After dropping 44 points in the first quarter, the Celtics were up to 75 by halftime. If they had gone scoreless in the fourth quarter, they still would have won by nine. Instead, their bench put together the biggest quarter of the game with 46 and won by 51.

3. At a certain point in a blowout, you stop watching the basketball quite so closely and you start watching for statistical oddities.

For NBC Sports Boston’s Brian Scalabrine, the oddity was the number of players who dropped double figures. Each of the starters made it comfortably. Sam Hauser and Payton Pritchard tacked on two more. Finally, late in the fourth quarter, Dalano Banton made a pair of free throws to bring the Celtics’ total to eight. It’s hard to imagine a team losing a game when eight players score in double figures.

On our end, the oddities included whether they could reach 75 in the first half and 150 total (they could, and they could), whether Hauser would miss a 3-pointer (he did, eventually) and whether Jayson Tatum would get to 30 (he did).

4. From an eye-test perspective, Derrick White looks more comfortable right now than he has at any other point in a Celtics uniform (and maybe in an NBA uniform). On Wednesday, he shot 7-for-10 from the field, dropping 18 hyper-efficient points, and he dished out four assists.

In San Antonio, White’s 3-point percentage was always lower than you would think when you watched him shoot, and the Celtics’ theory in acquiring him was that playing next to Tatum and Brown would help.

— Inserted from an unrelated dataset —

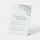 This elegant drinks pedestal sign features a beautiful forest green botanical design, perfect for adding a touch of nature to your event. Its simple yet sophisticated look makes it ideal for weddings, parties, or any gathering where you want to impress your guests. Made from high-quality materials, this sign is both durable and stylish, ensuring it will stand out while providing clear information about your drink offerings. Enhance your decor with this charming and functional piece that complements any theme.

It certainly has. On Wednesday, he buried four 3-pointers (three in the first quarter as the Celtics built their big lead), and three of them were pull-ups. He looks incredibly comfortable as a shooter, which — once again — hammers home the obvious question: How on earth are you supposed to stop this Celtics team?

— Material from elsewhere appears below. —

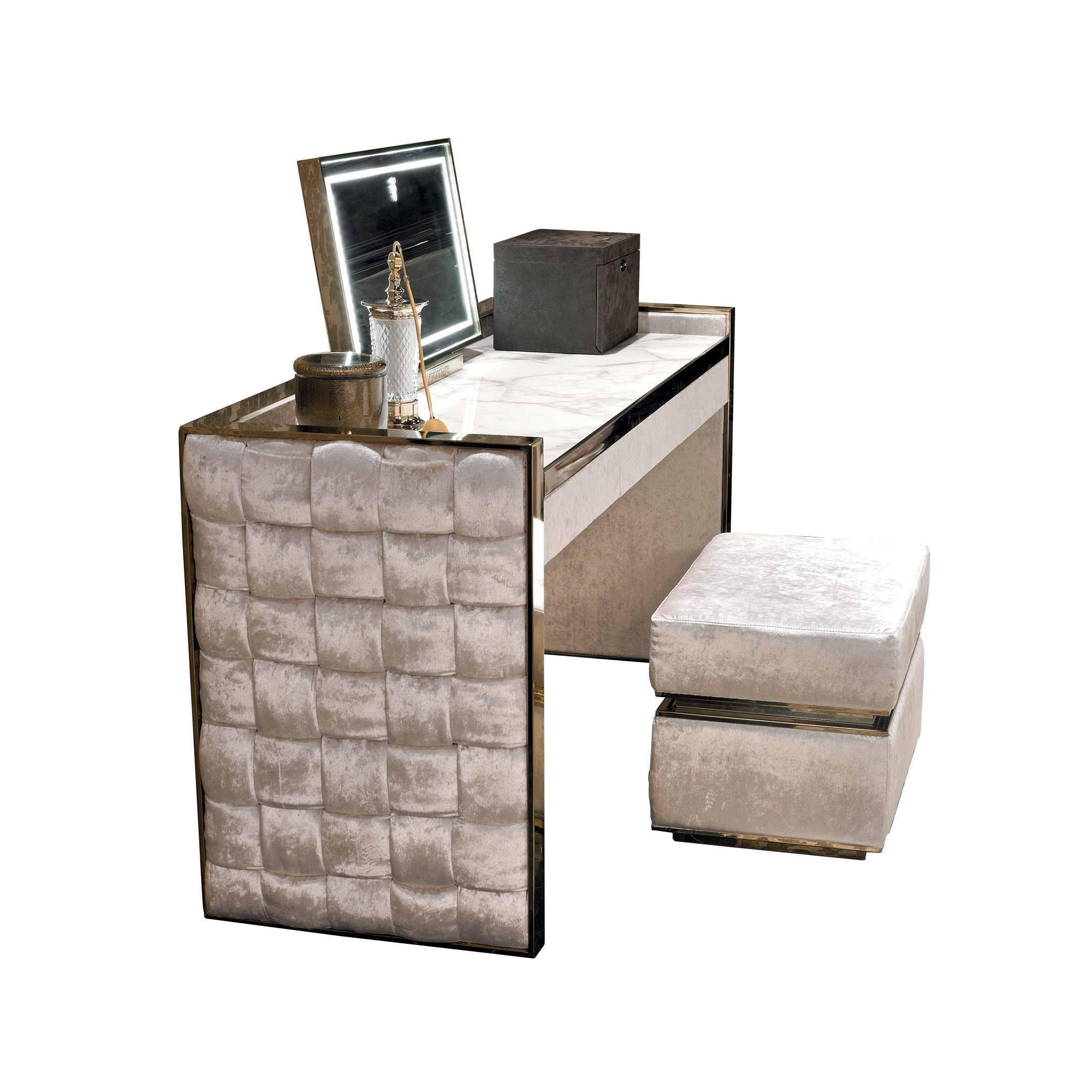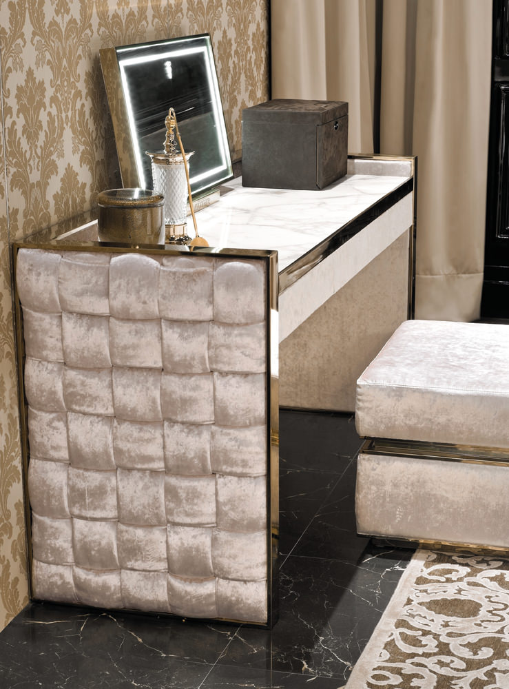 Основна конструкція із сталевих трубчастих труб 60x10 мм. Внутрішня обкладинка з фанерних панелей, оббита і покрита тканиною або шкірою. Зовнішні боки обтягнуті шкірою або тканиною із скрученим малюнком. Вбудований верх із мармуру з 3 ящиками. Верхнє дзеркало з периметром зі сталі; сатинована рама та герб Visionnaire зі світлодіодним підсвічуванням. Металеві деталі можуть бути лаковані в будь-який колір, що входить до вибору металевої обробки.Характеристики

5. Jrue Holiday started the game with a post up and knocked down two 3-pointers in the first quarter, and for a moment, it looked like we might get his first big offensive game in a Celtics uniform.

Instead, Holiday settled for 15 efficient points and some 15 minutes of rest to end the game.

“First play of the game was for me, and I had a post up,” Holiday told reporters after the game. “I could’ve found someone. But with the talent that we have, who are you going to guard? …

“We’ve got everything, right? We’re in the paint, we have the mid-range, and we have the three. I feel like that threat makes us even harder to guard. … I feel like we have a lot of bases covered.”

6. After a shaky fourth quarter against the Wizards, the Celtics’ bench was much better against the Pacers. The head of the snake was Pritchard, who scored 15 points and led the team with nine assists — a nice bounce-back after a really poor performance. But everyone else looked good as well — Hauser caught fire after a slow start to the year, Oshae Brissett and Lamar Stevens played hard, and Dalano Banton finished some crafty baskets around the hoop.

One intriguing difference: With the game in hand, Joe Mazzulla staggered the exit of the stars in the third quarter rather than having them exit en masse to start the fourth like he did against the Wizards. That seemed to help the Celtics’ bench unit gain a comfort level before they had to carry the game home on their own.

7. Aaron Nesmith still plays incredibly hard in ways that make you worry about his general health and well-being. But he seems to have caught on with the Pacers — Rick Carlisle praised him before the game — which is nice for a player who did not land in a great player-development situation when he was drafted by the Celtics.

8. The wildest thing about watching Wednesday’s game was that the Pacers genuinely tried for much of the game. The Celtics played well, but the talent gap was just enormous. The Pacers could do nothing about Brown when he cut with Porzingis diming him from the top of the key. They could do nothing about Hauser floating to open space. They could do nothing about White pulling up from deep. They could do nothing about Tatum (full stop).

The Celtics are humming. They will look to continue their early-season run against the Nets on Saturday at 8 p.m.